━━━━━ RECORDS SHOWN
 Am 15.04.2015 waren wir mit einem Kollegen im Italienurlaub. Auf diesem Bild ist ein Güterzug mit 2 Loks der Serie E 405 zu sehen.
━━━━━━━━━━
━━━━━ RECORDS SHOWN
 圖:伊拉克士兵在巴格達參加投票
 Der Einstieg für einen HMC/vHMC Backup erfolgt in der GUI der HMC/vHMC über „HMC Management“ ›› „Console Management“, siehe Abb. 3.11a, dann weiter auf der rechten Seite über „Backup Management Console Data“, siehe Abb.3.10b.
━━━━━━━━━━
(WORK INSTRUCTION):
Repeat, word for word, the lines above between the line holding "圖:伊拉克士兵在巴格達參加投票" and the line holding "Der Einstieg für", inclusive; omit everything else.

(ANSWER SECTION):
 圖:伊拉克士兵在巴格達參加投票
 Der Einstieg für einen HMC/vHMC Backup erfolgt in der GUI der HMC/vHMC über „HMC Management“ ›› „Console Management“, siehe Abb. 3.11a, dann weiter auf der rechten Seite über „Backup Management Console Data“, siehe Abb.3.10b.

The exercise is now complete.